Of all the lines in the entries below, give again exactly those starting at the line containing "Prueba Comparativa: Opel" and ending at the line containing "Một ô tô bị tông hư hỏng nặng. Ảnh: H.D", both ends included, and no others.

SOURCE MATERIAL.
::::::

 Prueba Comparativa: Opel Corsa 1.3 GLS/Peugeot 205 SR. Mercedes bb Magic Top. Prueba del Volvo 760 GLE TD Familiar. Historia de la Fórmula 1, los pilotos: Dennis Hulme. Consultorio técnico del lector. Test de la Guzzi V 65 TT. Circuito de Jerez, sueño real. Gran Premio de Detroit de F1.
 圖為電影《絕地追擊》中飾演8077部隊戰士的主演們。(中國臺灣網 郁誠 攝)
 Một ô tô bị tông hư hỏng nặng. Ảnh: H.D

::::::

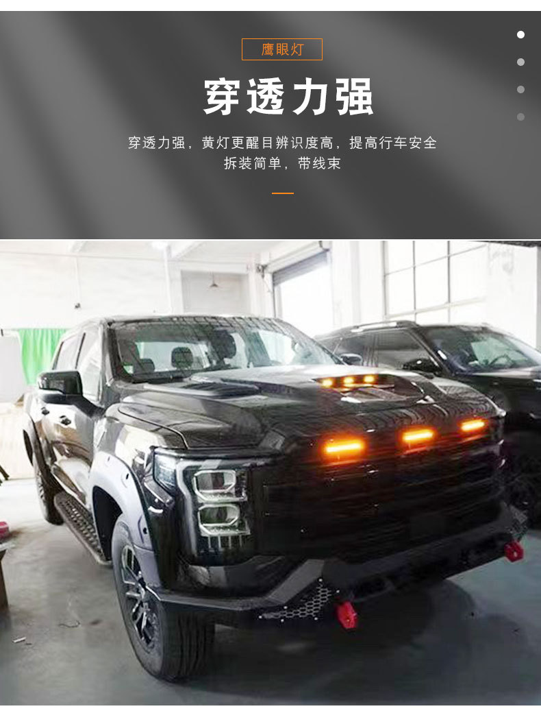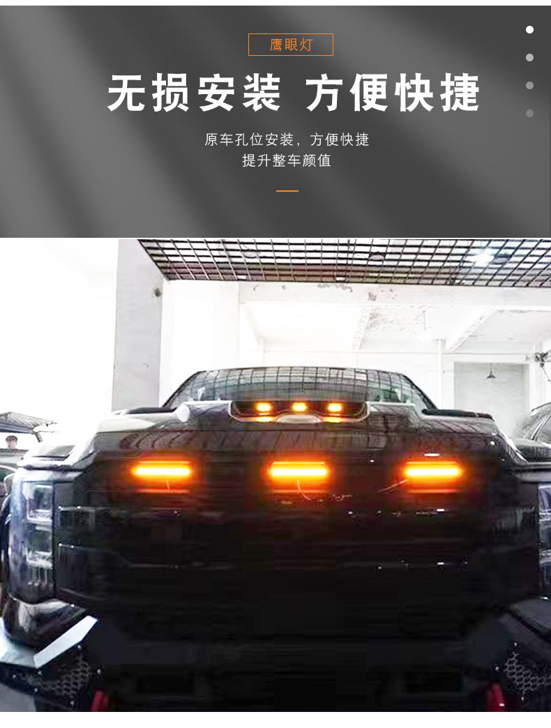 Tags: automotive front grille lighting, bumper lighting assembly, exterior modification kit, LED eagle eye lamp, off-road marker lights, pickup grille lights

::::::

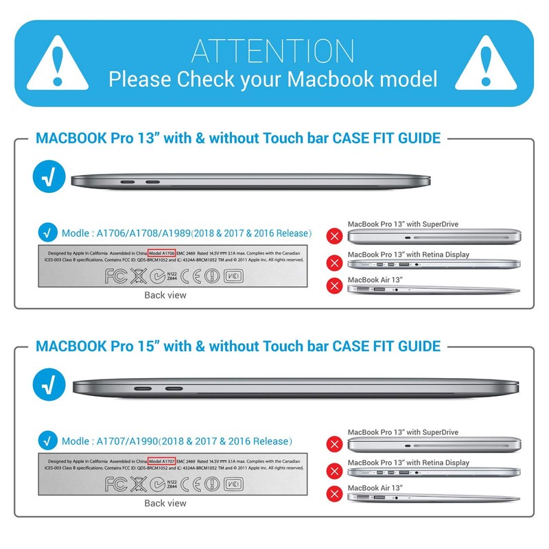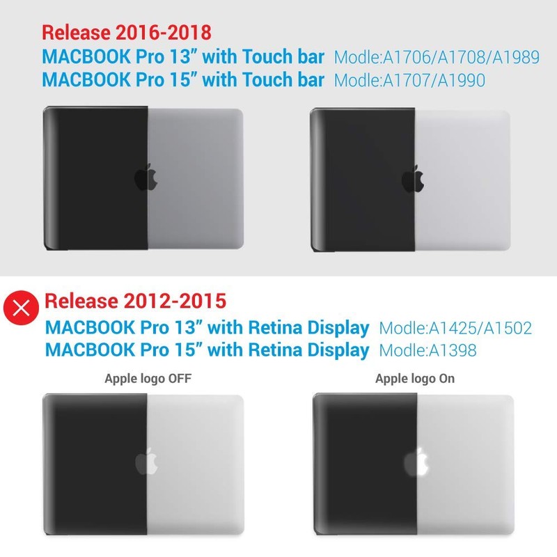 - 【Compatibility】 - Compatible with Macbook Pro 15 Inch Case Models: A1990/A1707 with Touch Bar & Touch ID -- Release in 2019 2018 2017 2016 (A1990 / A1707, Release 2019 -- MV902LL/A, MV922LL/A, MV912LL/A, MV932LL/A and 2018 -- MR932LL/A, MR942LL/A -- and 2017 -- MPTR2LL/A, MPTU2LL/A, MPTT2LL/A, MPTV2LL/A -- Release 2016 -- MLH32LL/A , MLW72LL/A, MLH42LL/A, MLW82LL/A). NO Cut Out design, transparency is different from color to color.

::::::

SOLUTION FOR THIS TASK.
 Prueba Comparativa: Opel Corsa 1.3 GLS/Peugeot 205 SR. Mercedes bb Magic Top. Prueba del Volvo 760 GLE TD Familiar. Historia de la Fórmula 1, los pilotos: Dennis Hulme. Consultorio técnico del lector. Test de la Guzzi V 65 TT. Circuito de Jerez, sueño real. Gran Premio de Detroit de F1.
 圖為電影《絕地追擊》中飾演8077部隊戰士的主演們。(中國臺灣網 郁誠 攝)
 Một ô tô bị tông hư hỏng nặng. Ảnh: H.D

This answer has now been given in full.